From the last few months, I’m studying Machine Learning (ML) and I think some basic mathematics is required to understand the concepts of ML and then you’re good to go. In this blog, I’ll be discussing matrix and I’ll try to cover most of the topics which are required for ML. In the coming days, I’ll be writing a few more blogs on linear algebra and calculus

Figure — 2

Introduction

Matrix is a rectangular array of numbers. The above matrix has m rows and n columns. Each element of this matrix can be represented by a_ij where i = 1,2,3, ….m and j = 1,2,3, …n. We can say that the above matrix has an order of (m×n). If a matrix has only one column then it is called column-vector and if it has only one row then it is called a row-vector. So the order of column-vector will be (m×1) and the order of row-vector will be (1×n).

Special Types of Matrix

Equal Matrices

Two matrices A and B can be called equal matrices if the order of both matrices is the same and corresponding elements are equal. e.g. Let A = [a_ij], B = [b_ij] order of both matrices is (m×n) and a_ij = b_ij ; ∀ i ,j.

Zero Matrix

A matrix whose all entries are zeros is called zero-matrix.

Figure — 3 (Zero Matrix)

Square Matrix

A matrix that has equal number of rows and columns is called a square matrix. In general order of a square matrix is represented by only one number instead of two numbers, e.g. Let A = [a_ij] be a square matrix and this matrix has an order on n which means the order of (n×n). a_11, a_22, a_33 …. are called the diagonal elements of a matrix (i.e. all elements a_ij where i = j are diagonal elements of matrix). These elements are also called primary diagonal elements. But I’ll be calling them diagonal elements only.

Figure — 4(Square Matrix)
  • Diagonal Matrix: A matrix whose all elements are zero except the diagonal elements. Such a matrix is called a diagonal matrix. e.g. If a_ij = 0 for i≠j.

Note: A matrix to be a diagonal matrix, it must have at least one non-zero element in diagonal elements and non-diagonal elements must be zero.

Figure — 5 (Diagonal Matrix)
  • Identity Matrix: A matrix whose all diagonal elements are 1 is called an identity matrix i.e. a_ij = 1 where i=j and a_ij = 0 where i≠j.
Figure — 6 (Identity Matrix)

Triangular Matrix: A matrix that is upper triangular or lower triangular matrix is called a triangular matrix.

  • Upper Triangular Matrix: A matrix whose all elements below diagonal elements are zeros (i.e. a_ij = 0 for i > j).
Figure — 7 (Upper Triangular Matrices)
  • Lower Triangular Matrix: A matrix whose all elements below diagonal elements are zeros (i.e. a_ij = 0 for i <j).
Figure — 8 (Lower Triangular Matrices)

Operations on Matrix/Matrices

Transpose of a Matrix

Transpose of a matrix is defined when all entries of the matrix are real numbers. Let A = [a_ij] be a matrix then transpose of this matrix will be B = [b_ij] where b_ij = a_ji; ∀ i ,j.

Figure — 9 (Transpose of a Matrix)

Additions of Matrices

Matrices can be added only if they have the same order. Let A = [a_ij] and B = [b_ij] are two matrices, if we want to these two matrices then these matrices must have the same order and their addition will be C = A+ B = [c_ij] where c_ij = a_ij + b_ij; ∀ i ,j.

Figure — 10 (Two Matrices A and B of the same order)
Figure — 11 (Addition of above two (A and B) matrices)

Multiplying scalar to a Matrix

Scalar multiplication to a matrix is multiplying each element by the scalar. If A = [a_ij] is a matrix then k*A = [k*a_ij]; ∀ i ,j.

Figure — 12 (Multiplication of scalar to a matrix)

Matrix Multiplication

Let A = [a_ij] and B = [b_ij] be two matrices.
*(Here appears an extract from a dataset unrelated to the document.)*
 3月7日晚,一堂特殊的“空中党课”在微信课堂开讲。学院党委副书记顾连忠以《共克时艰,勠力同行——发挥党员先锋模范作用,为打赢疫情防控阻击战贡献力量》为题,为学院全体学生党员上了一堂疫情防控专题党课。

Multiplication of two matrices is denoted by AB which is also a matrix C = [c_ij].

Note: Multiplication of A and B is only possible if and only if number of columns in A= number of rows in B

If the order of matrix A is (m×n) then the order of matrix B will be (n×r). Here m and r can be any positive integer number. The order of matrix C will be (m×r).
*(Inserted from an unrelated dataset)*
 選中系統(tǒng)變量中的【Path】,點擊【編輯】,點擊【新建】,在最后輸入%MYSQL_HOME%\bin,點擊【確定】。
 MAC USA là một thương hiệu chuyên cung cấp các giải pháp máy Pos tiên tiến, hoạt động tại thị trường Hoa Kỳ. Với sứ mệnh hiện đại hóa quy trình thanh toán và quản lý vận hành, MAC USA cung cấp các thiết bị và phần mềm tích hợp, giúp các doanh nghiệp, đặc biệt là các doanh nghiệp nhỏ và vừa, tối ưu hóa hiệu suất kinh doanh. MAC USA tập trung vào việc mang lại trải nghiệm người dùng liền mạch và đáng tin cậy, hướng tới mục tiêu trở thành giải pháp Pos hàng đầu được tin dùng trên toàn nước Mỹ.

Figure — 13 (Multiplication of matrices)

Inverse of a Matrix

A square matrix A will have inverse if there exists a matrix B such that AB = BA = I (where I is denoting the identity matrix). Here B is called inverse of A. Order of A, B and I matrices is the same. But the inverse of a matrix (if exists) is unique. So we can write:

Let A and B be invertible matrices then

Some More Special Matrices

Let A be a square matrix with each element as a real number.

Symmetric Matrix

If transpose of A is equal to A then A is a symmetric matrix.

Skew-Symmetric Matrix

If transpose of A is equal to -A then A is a skew-symmetric matrix.

Orthogonal Matrix

If multiplication of A and transpose of A is equal to multiplication of transpose of A and A equal to an identity matrix I.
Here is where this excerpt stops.